## What you are asked to do
All of the data must be written out verbatim, with pictures excluded.

## Stored data
--

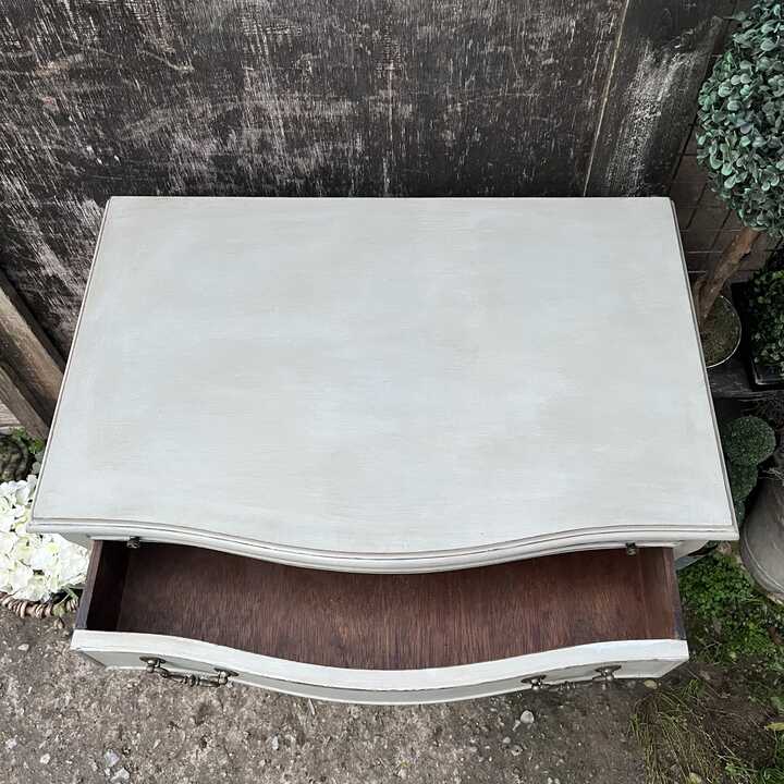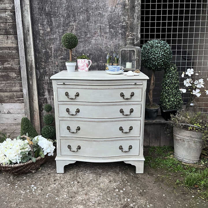 With its classic style, this serpentine fronted chest of drawers offers a distressed yet elegant patina. It has a handy pull out pad, perfect for a smaller space as it can double as a desk. It has four spacious drawers with the original ornate handles, which have been given a touch of gold. This multi-functional piece is perfect as a chest of drawers / bedside table / desk in your bedroom or as a storage side table in your living room / hallway. It is probably from the 1980/90s.
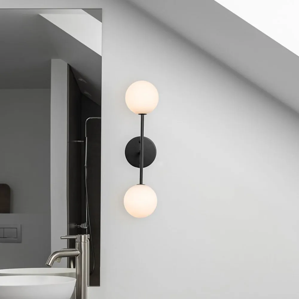 Elegant LED-væglampe Sigma, to lys Sigma-væglampen kommer i et minimalistisk design med 2 lyskilder i opalglas og en matsort metalramme. Den er fugtbestandig (IP23-klassificering) og passer derfor rigtig godt på badeværelset. Da glasset er håndlavet, kan der lejlighedsvis være luftbobler i glasset og en vis uregelmæssighed i glastykkelsen. To pærer (LED G9) er inkluderet i leveringsomfanget.
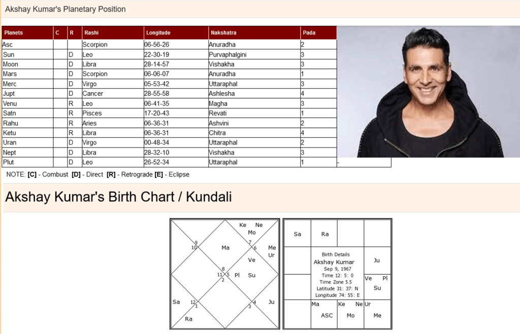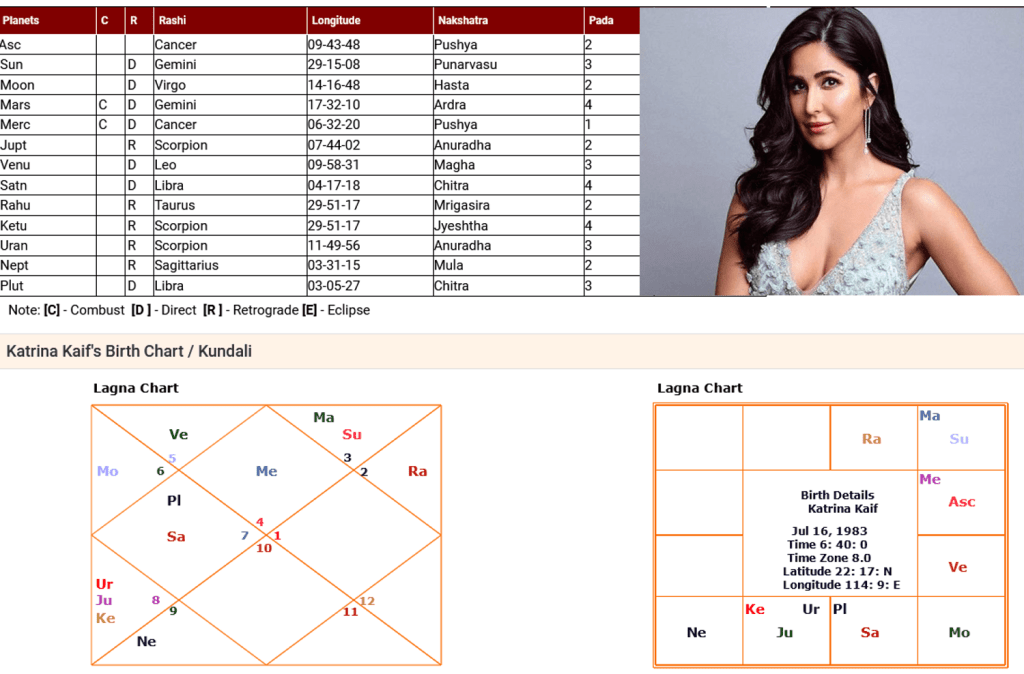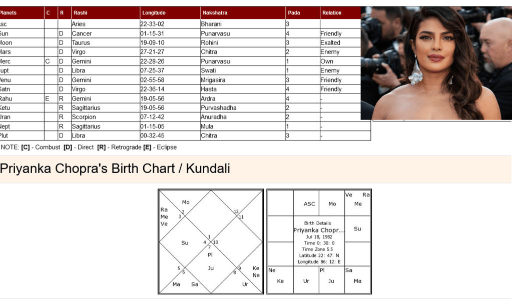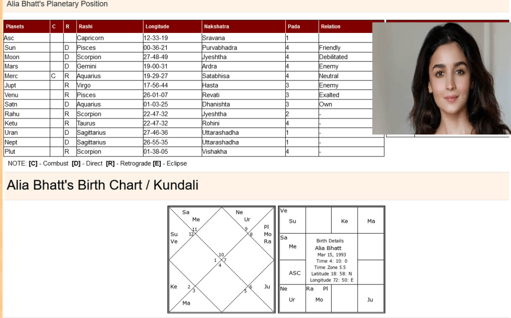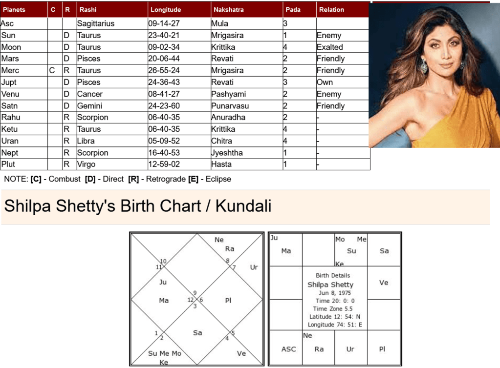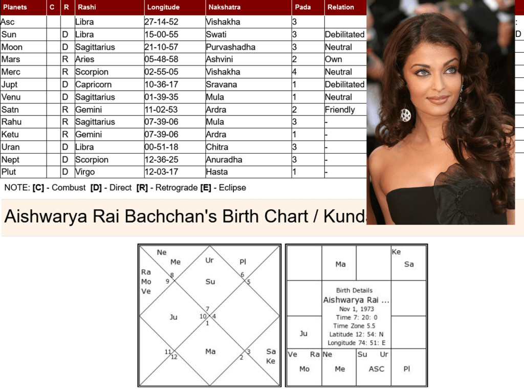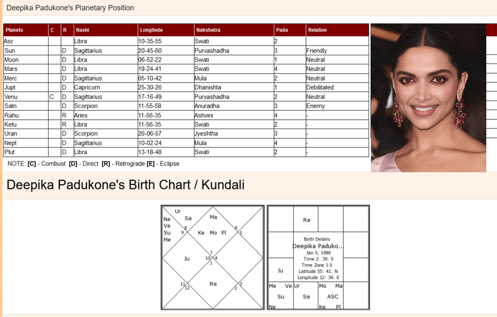 In her case, Rahu Moon and Venus were the planets responsible for her success.

--

## Written solution
 With its classic style, this serpentine fronted chest of drawers offers a distressed yet elegant patina. It has a handy pull out pad, perfect for a smaller space as it can double as a desk. It has four spacious drawers with the original ornate handles, which have been given a touch of gold. This multi-functional piece is perfect as a chest of drawers / bedside table / desk in your bedroom or as a storage side table in your living room / hallway. It is probably from the 1980/90s.
 Elegant LED-væglampe Sigma, to lys Sigma-væglampen kommer i et minimalistisk design med 2 lyskilder i opalglas og en matsort metalramme. Den er fugtbestandig (IP23-klassificering) og passer derfor rigtig godt på badeværelset. Da glasset er håndlavet, kan der lejlighedsvis være luftbobler i glasset og en vis uregelmæssighed i glastykkelsen. To pærer (LED G9) er inkluderet i leveringsomfanget.
 In her case, Rahu Moon and Venus were the planets responsible for her success.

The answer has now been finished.